Export Ornamentals Registered

Exporters to the United States of the dracaena type of ornamental bushes are now required to be certified by the Ministry of Agriculture's plant sanitation authorities locally in order to continue their trade.

The export of flowers and ornamental plants is one of the oldest, quietest and most durable examples of foreign trade. Export flowers are often raised in plastic-paned hot house, not to protect them from bitter winters, but as a barrier to the burning sun.

 

 

Time was when growers of dracaena bushes (most often kept growing in pots in the U.S.) only had to register with the ministry but the U.S. Department of Agriculture has tightened regulations. (U.S. Ambassador to Costa Rica Anne Andrew told the business paper El Financiero that 50% of ornamental plants imported by the country come from Costa Rica.)

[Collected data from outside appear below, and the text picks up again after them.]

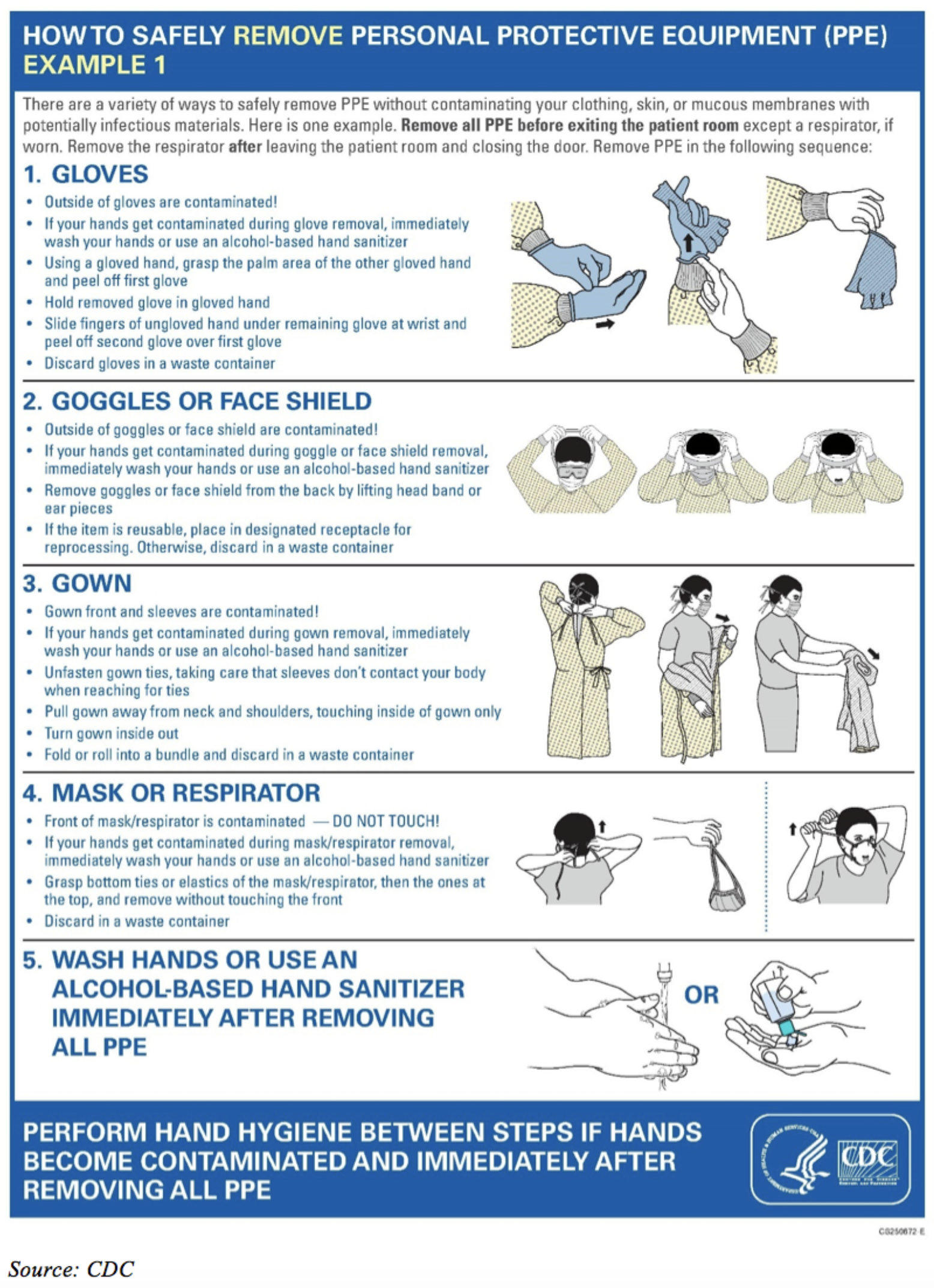 The skin and clothing of healthcare personnel can get contaminated during removal of PPE. This could contribute to dissemination of pathogens and it places personnel at risk for infection. In one study, contamination of the skin and regular clothing of healthcare personnel occurred frequently during removal of contaminated gloves or gowns because of improper removal technique and poor PPE design.19 Another study indicated that under usual conditions, about half of healthcare workers correctly removed their PPE and very few removed it in the correct order and disposed of it properly.20 The CDC has produced instructive material that demonstrates the sequence for donning and removing PPE (Figure 2 through Figure 4). Posters provide key instructions to reinforce safe practices and are intended to limit the spread of contamination. Much of the material presented is appropriate for dentistry.21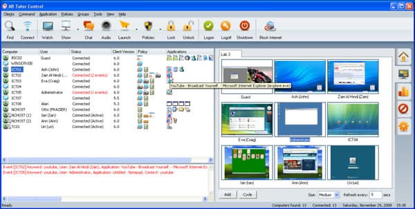 Все управление рабочими местами и их взаимодействием с узловым компьютером ведется через предустановленную утилиту MultiPoint Manager. Она предлагает лишь базовый функционал, но для начала этого вполне достаточно. Если же администратору понадобятся дополнительные возможности (например, возможность следить в прямом времени за тем, что делается на каждом из рабочих мест), он может приобрести дополнительное ПО. Например, AB Tutor Control.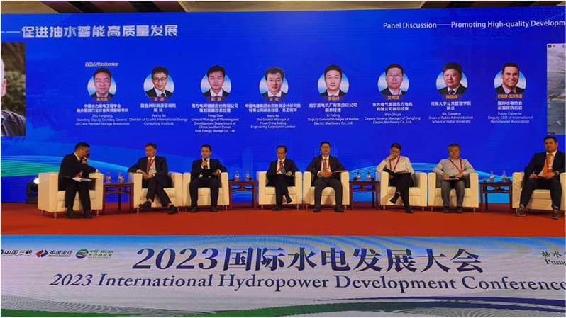 2023 国际水电发展大会于4月18日在北京召开,这是新冠疫情之后首次在中国举办的水电发展领域的世界性大会。本次会议主题为“抽水蓄能——构建未来新型能源体系的重要支撑”,指导单位为国际可再生能源署、中国国家能源局,主办单位为中国水力发电工程学会、中国-国际可再生能源署合作办公室、国家电网有限公司、中国南方电网有限责任公司、中国长江三峡集团有限公司、中国电力建设集团有限公司,承办单位为水电水利规划设计总院、中国电建集团国际工程有限公司、水电学会海外分会、抽水蓄能行业分会等,协办单位为北京水力发电工程学会等。本次会议采用线下线上相结合方式,参加会议的人员来自指导、主办、承办、协办单位,世界银行、国际水电协会等国际组织,中国工程院、清华大学、开云kaiyun官网、中国水科院、南科院、国际小水电等高校、咨询、研究机构,中电联、华能、华电、国电投、国能投、中铁、中铁建等开发和建设企业(集团),通用电气、荷兰Delta21、东方电气、哈电机、东方电气等设备制造企业,人民日报等传媒,共计116家机构的的200多人参加了现场大会,网上参会人员达100多万人。开云kaiyun官网中国移民研究中心主任施国庆教授、水利水电学院院长王媛教授和蒋晟讲师应邀参加了现场大会,施国庆教授参加了大会组织的国内外专家对话活动。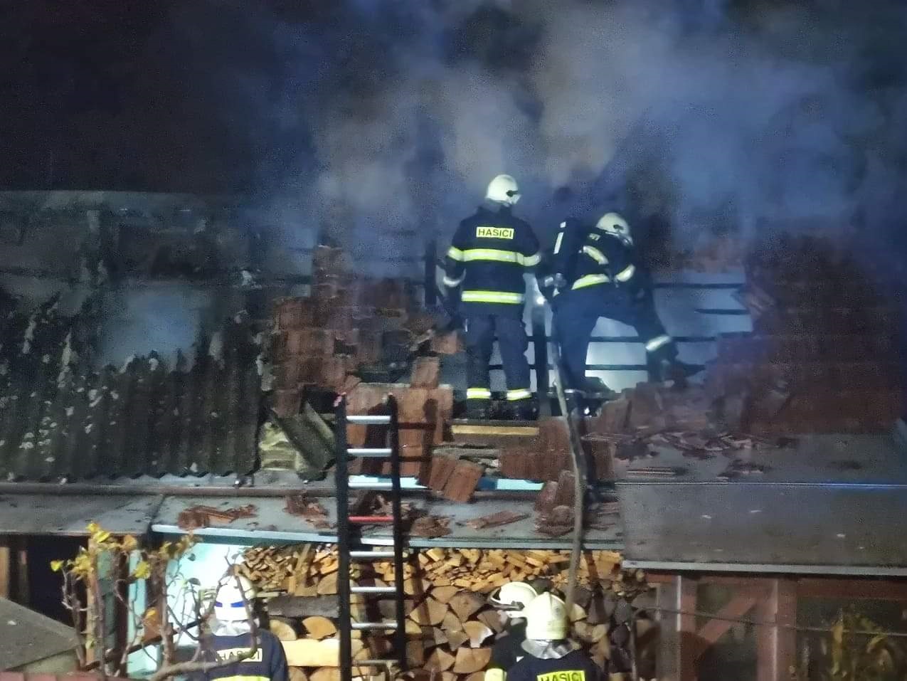 (1. 11. 2021) U požáru střechy stolárny v Buchlovicích zasahovalo dnes večer pět jednotek hasičů.

"The program has as its objective the reduction of the number of diseases in this species," according to Magda Gonzalez, director of the ministry's plant sanitation section. She warns that now growers will be unable to export the shrubs without certification.

With modern transport and the growing international trade, plants and seeds have increasingly come under scrutiny for transporting pests. But six-legged "hitch hikers" are also a problem.

Recently port inspectors at Los Angeles found a wood-boring beetle not native to California had caught a free ride in a shipment of pineapple from Costa Rica, even though the insect is not a feeder on the fruit.

The State of California is perhaps the strictest in the United States when it comes to guarding against import of plant diseases. Even land travelers entering the state are asked suspiciously if they are carrying any fruits or vegetables as if they might be smuggling guns. An orange bought at an Oregon supermarket, for example, is subject to confiscation.

The State of Florida has been much more lax in the past and has paid dearly for it, as imported alien plants have become, in themselves, pests. In Florida's sub-tropical climate where everything grows happily, sometimes crowding out native species.

Costa Rica has not been immune to this unfortunate immigration. In the 1980s, the black sigatoka disease hit local coffee plantations, suspected of having been imported from Nicaragua.